# How do we get a good deal with Renting



## wazza (Apr 4, 2010)

Hi ,I am in a place in my mind as to move to thailand on a part time basis,I don't want to buy a place to live I want to suck it and see for a while to see if it is me or not. i would like some insite into renting longterm in say Phuket or surrounding area.Is it better to rent 3 months or maybe 12 months and how much a better deal i should expect for longterm 
thanks wazza


----------



## Guest (Apr 4, 2010)

wazza said:


> Hi ,I am in a place in my mind as to move to thailand on a part time basis,I don't want to buy a place to live I want to suck it and see for a while to see if it is me or not. i would like some insite into renting longterm in say Phuket or surrounding area.Is it better to rent 3 months or maybe 12 months and how much a better deal i should expect for longterm
> thanks wazza


Hi - assume you have looked into all the visa requirements and restrictions for long-term stays?

Anyway, renting is pretty simple and yes an apartment or house rented on a monthly basis can work out pretty cheap. Not seen a big difference between rates for a 3 month and 1 year contract though.

They usually require a month's deposit. I wouldn't offer to pay the full term up front. I've seen some landlords take big advantage of this to try to 'encourage' tenants to leave early.

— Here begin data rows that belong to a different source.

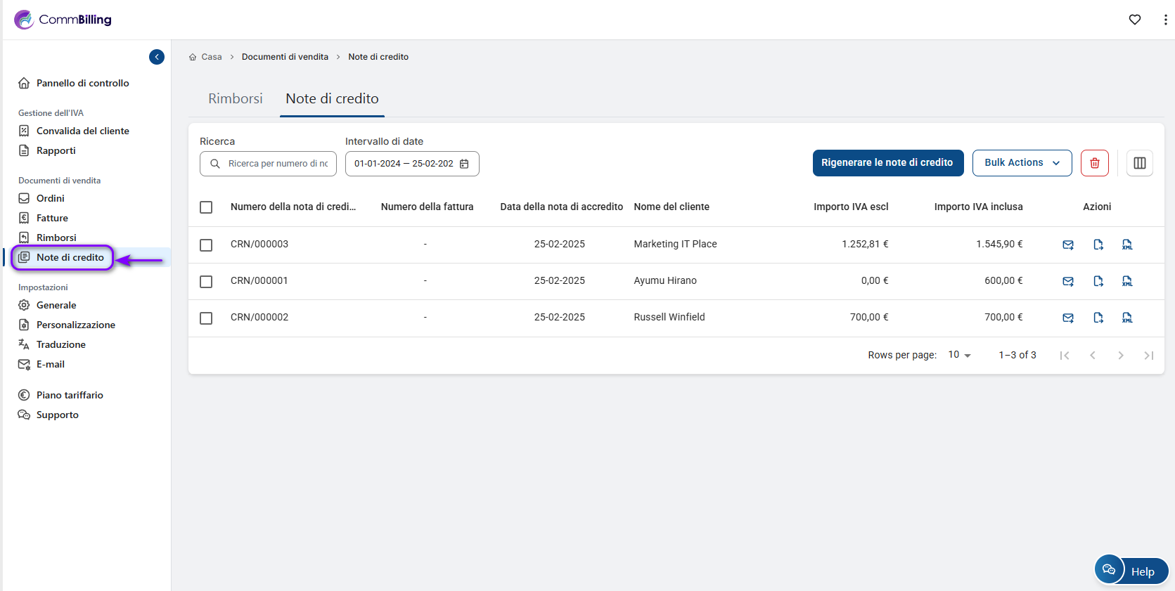 Esporta CSV: Esporta i dettagli della nota di credito in un file CSV.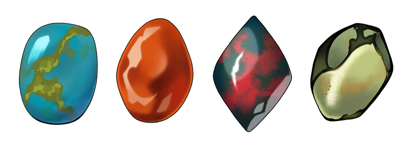 To make a somatei, you can start by picking a lifestone material. It can be any precious or semi-precious stone, or adjacent materials such as amber of fossils, whether real or fictional.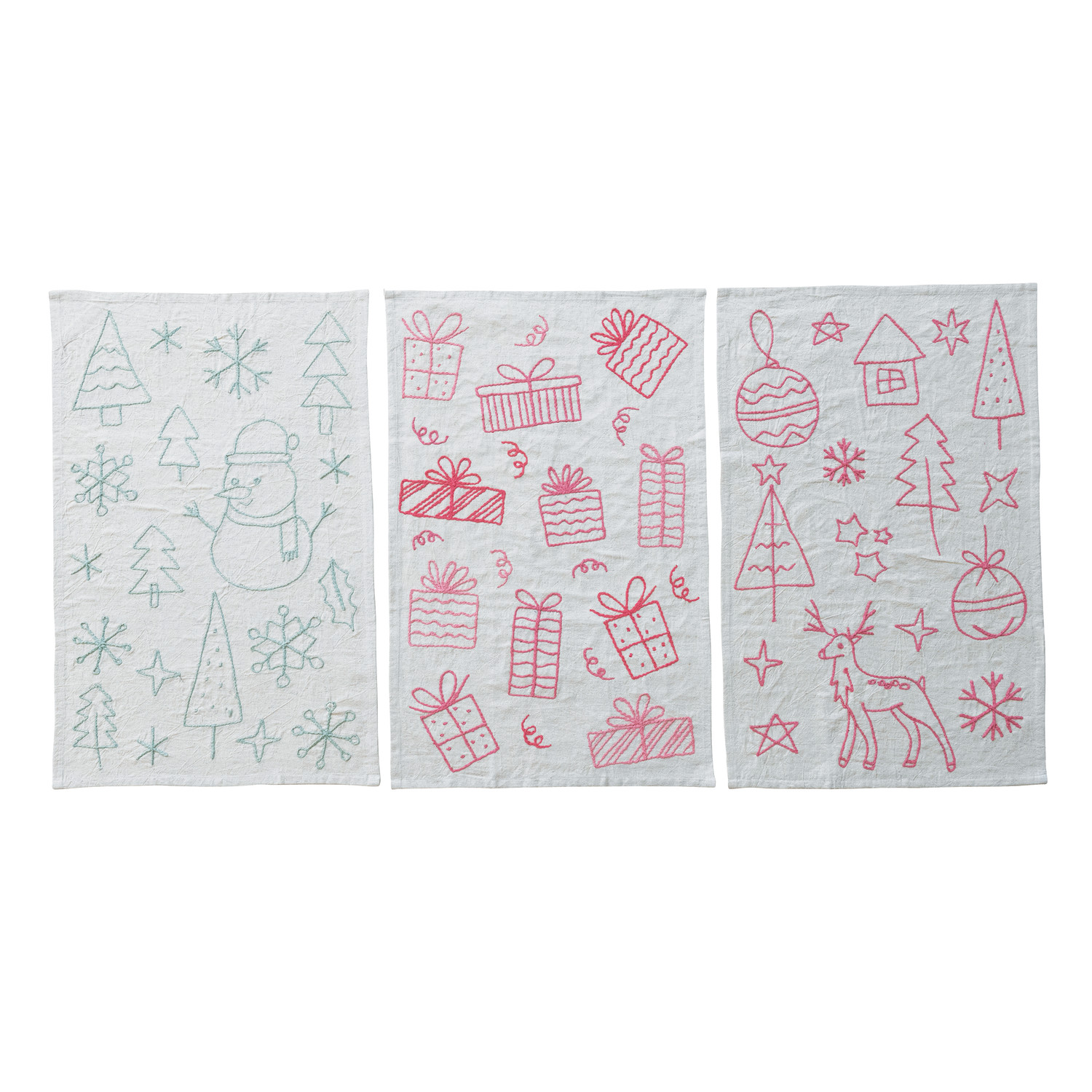 Catalog Name: 28"L x 18"W Woven Cotton & Linen Tea Towel w/ Embroidered Holiday Icons, 3 Styles

No point in trying to find somewhere before you get to Phuket. There's loads of availability. Get a room in a guest house for a week or two while you find the right place to rent.


----------



## wazza (Apr 4, 2010)

frogblogger said:


> Hi - assume you have looked into all the visa requirements and restrictions for long-term stays?
> 
> Anyway, renting is pretty simple and yes an apartment or house rented on a monthly basis can work out pretty cheap. Not seen a big difference between rates for a 3 month and 1 year contract though.
> 
> ...


frogbloger 
thanks , I have looked at all the criteria for long term visa,and from my end its not to hard to do just time and timeing..I am leaving tomorrow for phuket and i am doing the look and see thing for a month ;can you recomend anywhere were i can meet some expats or alike and sit and talk and get inside info;
thanks again
Wazza


----------



## Guest (Apr 5, 2010)

Sorry, Phuket's the wrong end of Thailand for me, I've been based up in Chiang Mai. But there are plenty of expats in Phuket, it won't take long to find out their haunts by asking qround the bars. Have a good trip, best of luck with your plans...


----------



## wazza (Apr 4, 2010)

frogblogger said:


> Sorry, Phuket's the wrong end of Thailand for me, I've been based up in Chiang Mai. But there are plenty of expats in Phuket, it won't take long to find out their haunts by asking qround the bars. Have a good trip, best of luck with your plans...


thanks wazza


----------



## KhwaamLap (Feb 29, 2008)

Yep, pretty much agree with FB. Though sometimes harder to find rents less than 6 months without getting a price hike (they think you're a holiday maker, thus can afford a years rent per month!). Also I have found they want at least 2 months deposit these days. Thais always get better deals, unless they know a farang is going to stay.

PS: Why Phuket?


----------